Extinction-level event

O may I join the choir invisible / Of those immortal dead who live again 
In minds made better by their presence: live / In pulses stirr’d to generosity... 
To make undying music in the world / Breathing as beauteous order that controls 
With growing sway the growing life of man.
       - George Eliot


The next 25 years will see a tragedy of unprecedented scale in human history. Although it will happen incrementally and not all at once, the end result will be devastating, leaving a hole so vast and deep that it can never be filled. An essential resource, a one-time gift that the world will not see again, will be lost forever as the pioneers and architects of loud, electric, passionate, innovative, complex, soul-filling rock 'n roll music face the inevitable end of their time with us, and shuffle off this mortal coil.

These are the musicians who grew up on jazz, blues, and classical music, making their understanding of compositional complexity much different from the kids who grew up to form cookie-cutter punk/alternative bands writing three-minute verse-chorus-verse songs. The classic artists' knowledge and appreciation for music, not just rock music, gave us intricate and immortal headphone masterpieces like the Allman's "In Memory of Elizabeth Reed," Clapton's "Layla," Elton's "Funeral for a Friend," the Stones' "Can't You Hear Me Knocking," Floyd's "Shine On You Crazy Diamond," Traffic's "Low Spark of High-Heeled Boys," and Loggins and Messina's "Angry Eyes." All are not so much songs as they are musical adventures.

The evidence for the coming tragedy is overwhelming and irrefutable. Looking only at the rock titans who graced the stage at the original Woodstock music festival, there's The Who's Pete Townsend, 63, and Roger Daltrey, 64; guitar gods Johnny Winter and Alvin Lee, both 64; soul man Sly Stone, 65. Stephen Stills and Neil Young are both 63, as is John Fogerty; Joe Cocker is 64; Carlos Santana is 61. Richie Havens, the first musician to perform at the legendary concert, turns 68 in January. Grace Slick, whose voice fueled the Jefferson Airplane, will be 70 next year.
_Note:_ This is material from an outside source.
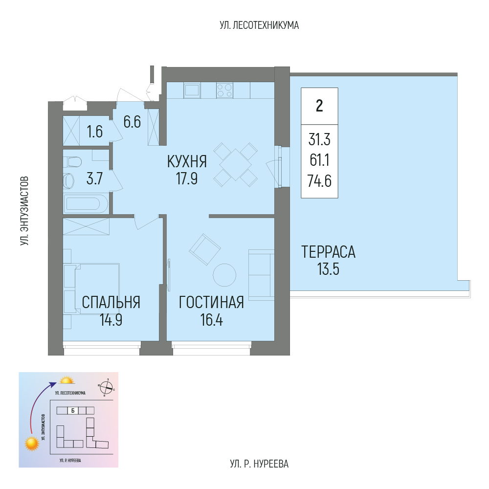 74.6 м²

The same numbers haunt the British Invasion. Led Zeppelin: Robert Plant is 60, Jimmy Page 64. The Rolling Stones: Mick Jagger is 65, and Keith Richards turns 66 in December. Charlie Watts is 67; Ron Wood, the baby of the group, is 61. The Beatles: Paul is 66, Ringo 68. Eric Clapton (Cream) is 63, Steve Winwood (Traffic) 60, Ray Davies (The Kinks) 64, Jeff Beck (The Yardbirds) 64, Ritchie Blackmore (Deep Purple) 63, Robert Fripp (King Crimson) 62, Ian Anderson (Jethro Tull) 61. David Gilmour and Roger Waters of Pink Floyd are 62 and 65, respectively. Jon Anderson and Steve Howe of Yes are 64 and 61.

The second wave of Rock Brits is no different. Elton John is 61. Dave Edmunds is 64. Mick Fleetwood is 61 (and U.S.-born Stevie Nicks is 60); Brian May of Queen is 61, Noddy Holder of Slade and Dan McCafferty of Nazareth are both 62, David Bowie is 61, and Ian Hunter of Mott the Hoople will be 70 next year. Ozzy Osbourne and Tony Iommi of Sabbath are both 60, and Ronnie James Dio is 66. Lemmy of Motorhead is 63, as is Bryan Ferry of Roxy Music. Brian Johnson, the voice of AC/DC, is 61.
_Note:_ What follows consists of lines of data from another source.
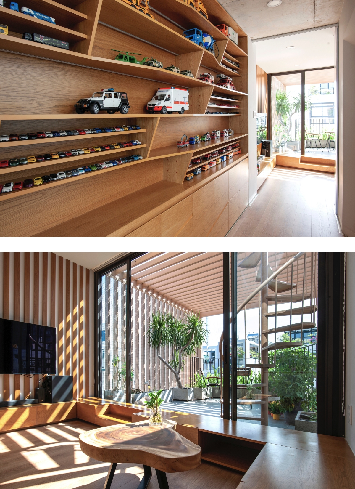 Phòng khách và bếp - phòng ăn thông nhau, ngăn cách bởi không gian trưng bày bộ sưu tập xe đồ chơi của gia chủ.
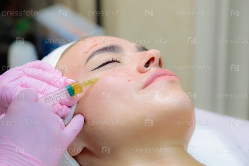 Врач делает инъекции плазмы крови в лицо молодой девушки
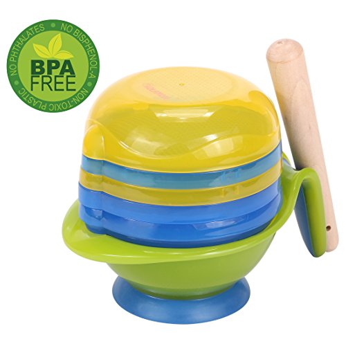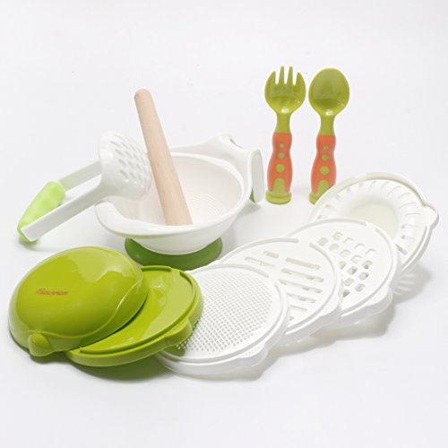 -. Title : Baby Food Mill Grinding Bowl Grinder Processor Multifunction Mash Prep Serving DIY Homemade 8 in 1 Set by Kolamom

On the American rock scene, we find Tina Turner at 70, Bob Dylan at 67, Iggy Pop 61, Simon and Garfunkel both 67, Lou Reed 66, Steve Miller 65, Alice Cooper 60, Gregg Allman 61, Bob Seger 63, Ted Nugent 60, Joe Walsh (James Gang) 61, Mark Farner (Grand Funk) 60, Steven Tyler of Aerosmith 60. Bruce Springsteen, Gene Simmons of Kiss, and Billy Gibbons and Dusty Hill of ZZ Top all turn 60 next year. Clarence "Big Man" Clemons of the E Street Band is 66.
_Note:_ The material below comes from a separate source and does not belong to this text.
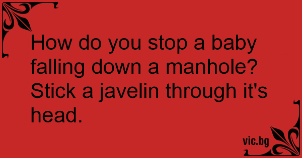 How do you stop a baby falling down a manhole? <br />Stick a javelin through it's head.
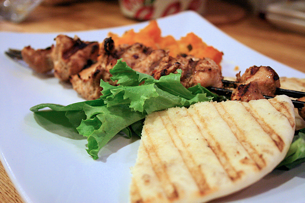 My mother loves Indian cooking, and tonight I thought I’d try my hand at this. Indian cooking is so savory and rich. I just love how all the spices come together and make your whole kitchen smell amazing. The chicken tastes just as divine as the aroma, trust me! The overnight yogurt marinade makes the chicken so tender. Now most recipes use the legs and thighs but i used chicken breasts because I wanted to lighten this up and use skewers. We loved it! The recipe has been adapted from Simply Recipes. Here is my try at Tandoori chicken.

Little Richard, who likes to remind everyone that he's "the original architect of rock n' roll," is 75. And Chuck Berry, whose three-chord "Johnny B. Goode" started it all, is 82.

It's amazing that all of these incredibly gifted artists made it to the ages they are, given their legendary struggles with alcohol, drugs, depression, and STDs. But they can't stay with us forever. Dylan gave us a wonderful sentiment:

May your heart always be joyful
May your song always be sung
And may you stay forever young.

But sentiment always gives way to reality. In addition to the holy trinity of Jim Morrison, Janis Joplin, and Jimi Hendrix, we've also lost Marc Bolan, Roy Orbison, half of The Beatles; half of The Who and Led Zeppelin; half of the New York Dolls; Dave Peverett of Foghat, Glen Buxton of Alice Cooper.... The list is long and can only grow longer. As Curtis Mayfield sang:

People get ready, there's a train a-coming
You don't need no baggage, you just get on board...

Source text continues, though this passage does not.